捕获没有特定数字跟随的数字流 [英] Capture stream of digits which is not followed by certain digits

查看:72
本文介绍了捕获没有特定数字跟随的数字流的处理方法,对大家解决问题具有一定的参考价值,需要的朋友们下面随着小编来一起学习吧!

问题描述

我想捕获没有特定数字跟随的数字流.例如

input = abcdef lookbehind 123456..... asjdnasdh lookbehind 789432

我只想使用否定超前捕获来捕获789432,而不是123 .

我尝试了(?<=lookbehind )([\d])+(?!456),但是它捕获了123456789432.

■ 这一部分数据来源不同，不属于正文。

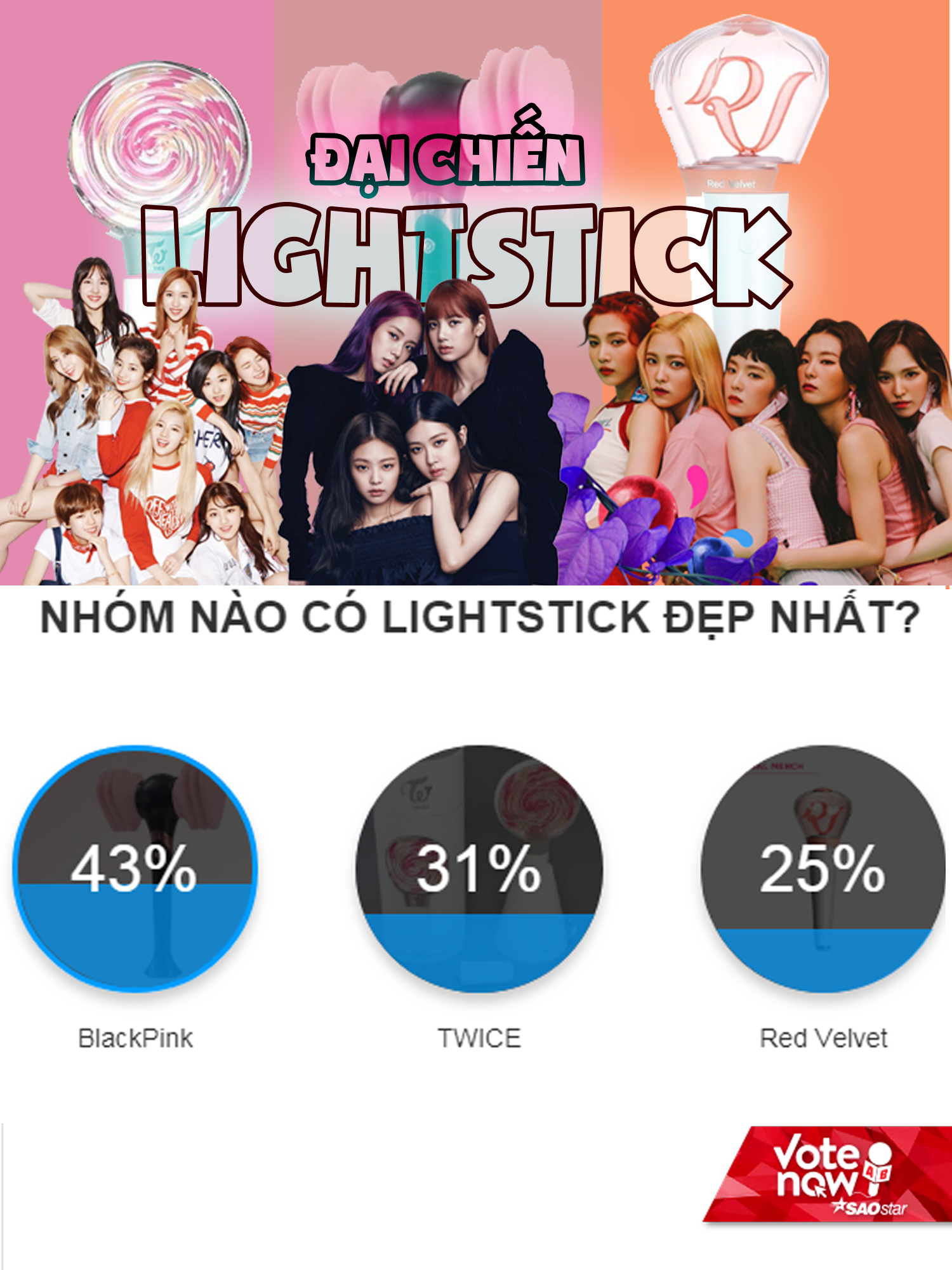 Ngày 2/8 vừa qua, Saostar đã có một cuộc thăm dò giữa 3 lightstick đến từ 3 nhóm nữ Big3 lần lượt là: Candy Bong của TWICE (JYP), Pyong Bong của Black Pink (YG) và Mandu Bong của Red Velvet (SM). Và cuối cùng, chúng ta đã có kết quả chính thức.
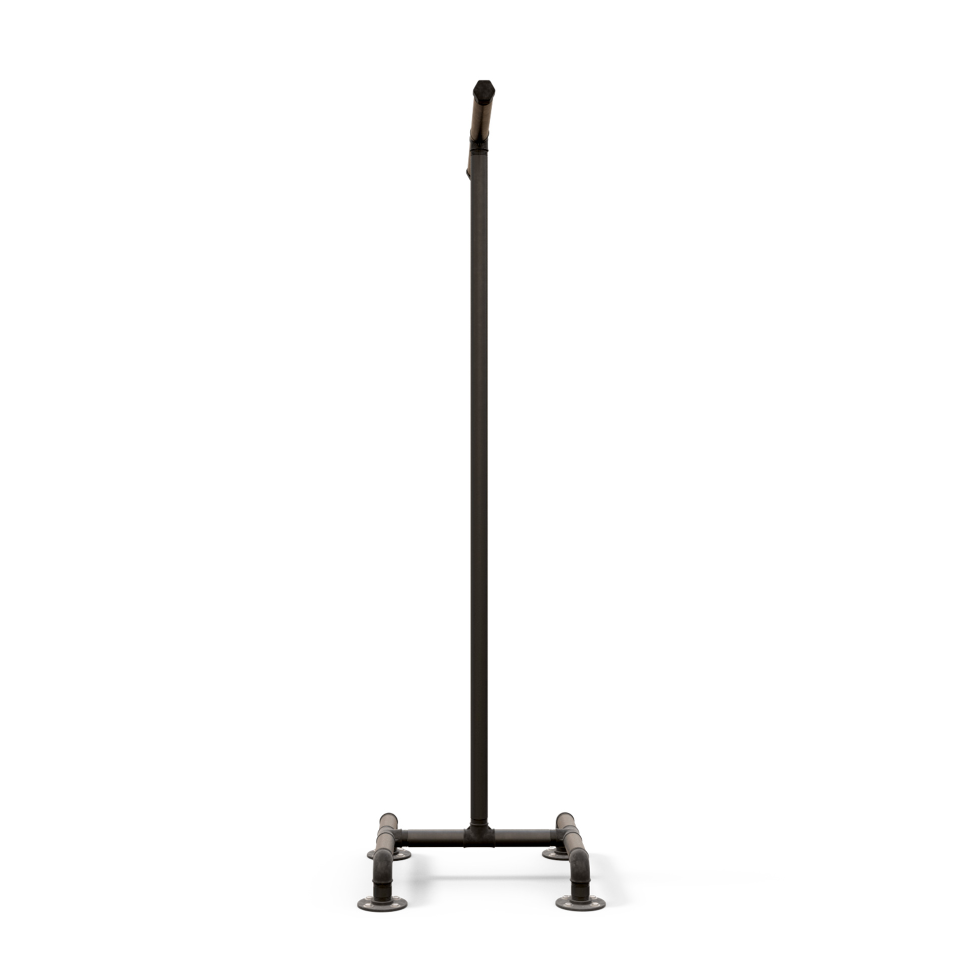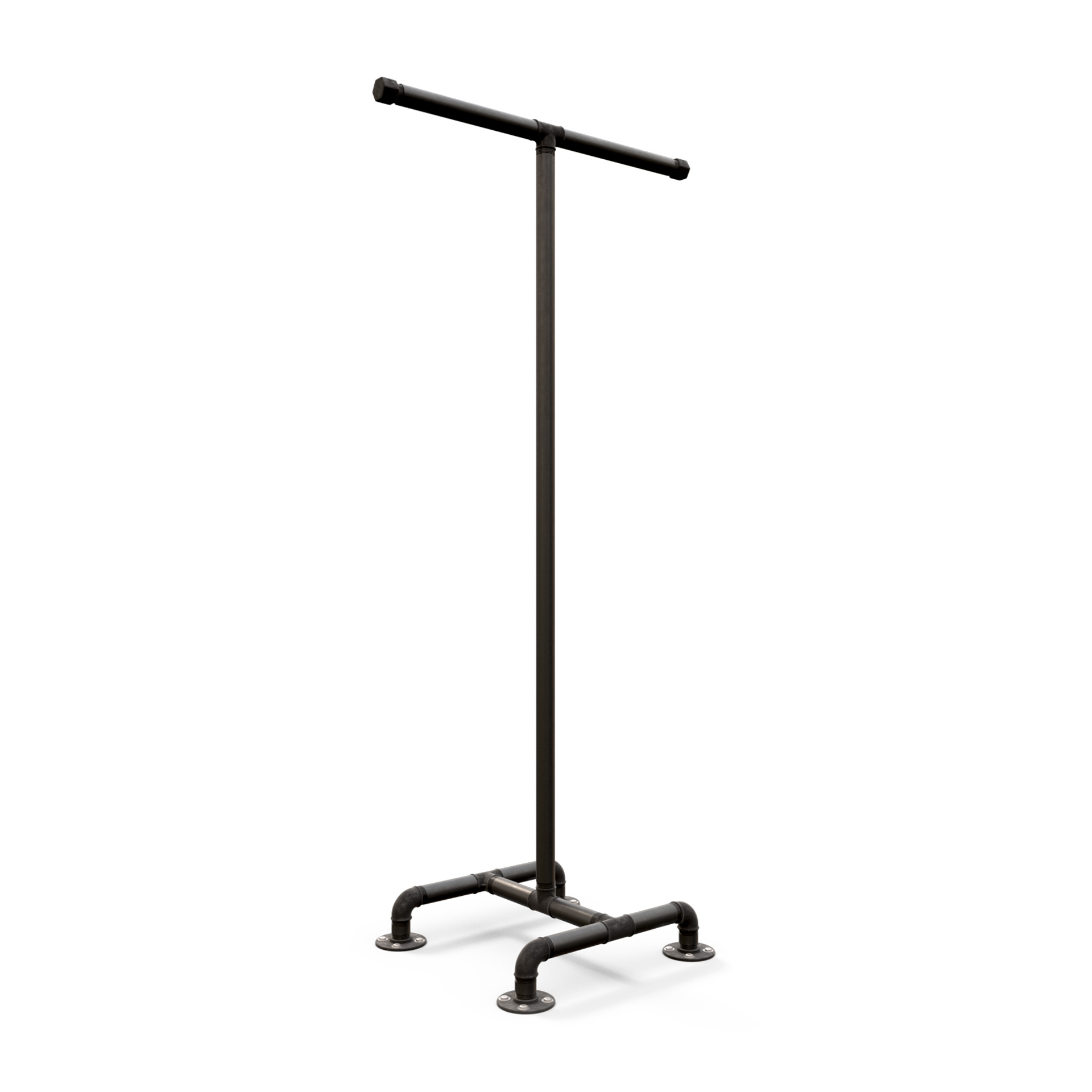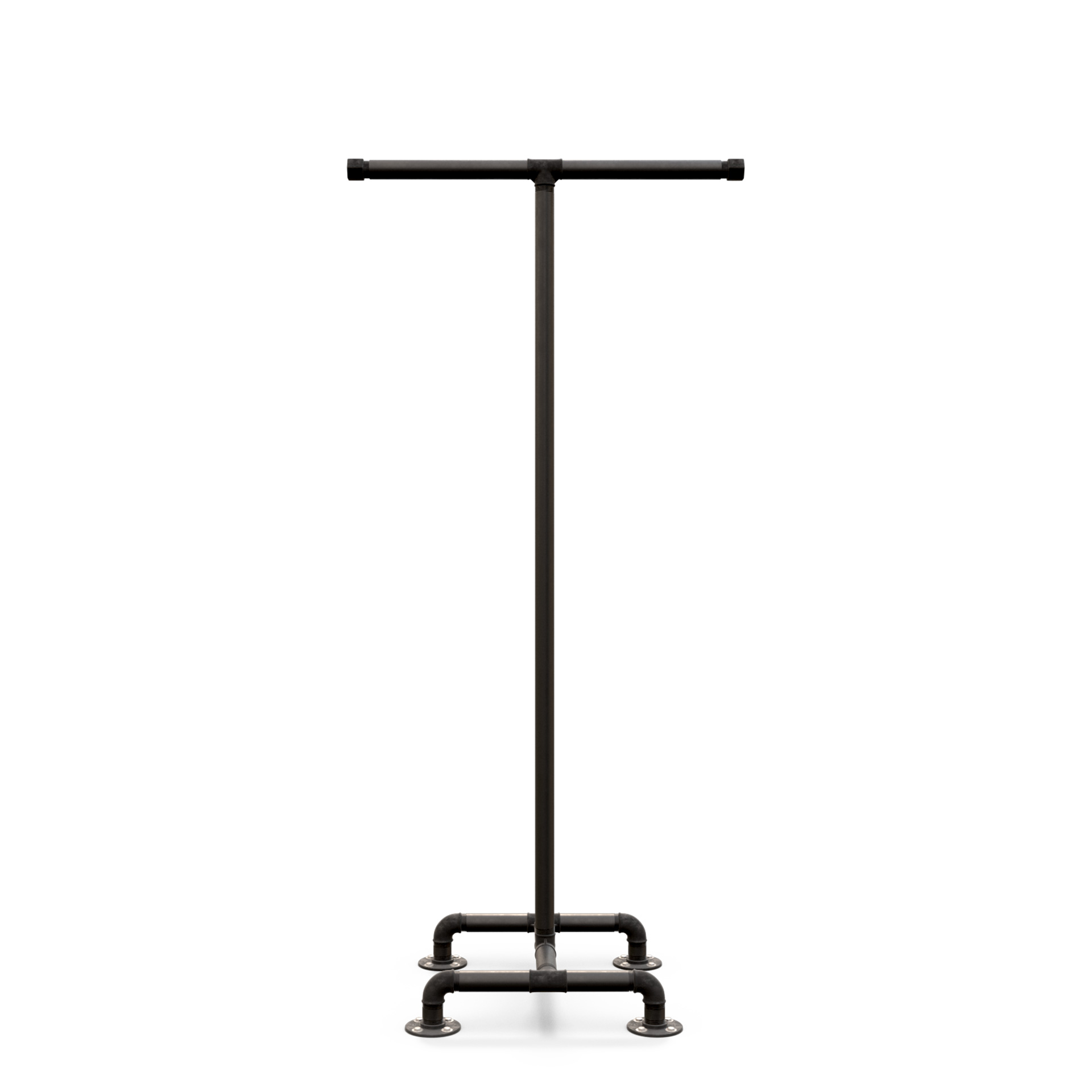 Fabricado a mano en España. Perchero expositivo de tubería vista con barra transversal en T para colgado frontal/lateral. Base compacta con huella reducida y gran estabilidad; perfecto para retail, showrooms, vestidores o probadores donde se necesita acceso 360º y rotación de prendas.

使用(?<=lookbehind )([\d])+?(?!456)仅捕获17.

对我来说,分组不是一种选择,因为我的用例不允许这样做.

有什么方法可以使用纯正则表达式捕获789432而不是123吗? 谢谢您对答案的解释.

解决方案

您可以使用带有负向后缀的所有格修饰符

(?<=lookbehind )\d++(?<!456)
                  ^^ ^^^^^^ 

请参见此regex演示.

带有原子组的同义模式:

(?<=lookbehind )(?>\d+)(?<!456)

详细信息

  • (?<=lookbehind )-与字符串中正好位于lookbehind
  • 前面的位置匹配的正向后看
  • \d++-占位符匹配的1+个数字,不允许回溯到模式中(引擎无法从与\d++匹配的任何数字中重试匹配)
  • (?<!456)-如果与\d++匹配的最后3位数字是456,则负向后检查将使匹配失败.

为什么往后看,为什么不往前看

(?<!...)后面的负向外观确保某个模式与当前位置的左侧不立即匹配.如果负向超前(?!...)的模式立即与当前位置的右侧匹配,则匹配失败.这里的失败"表示正则表达式引擎放弃了当前匹配字符串的方式,如果在后向/超前查找之前存在量化模式,则引擎可能会 backtrack 进入那些模式以尝试以不同方式匹配字符串.请注意,这里的所有格修饰符使引擎无法多次执行456的后向检查,只有用\d++抓住所有数字后才执行.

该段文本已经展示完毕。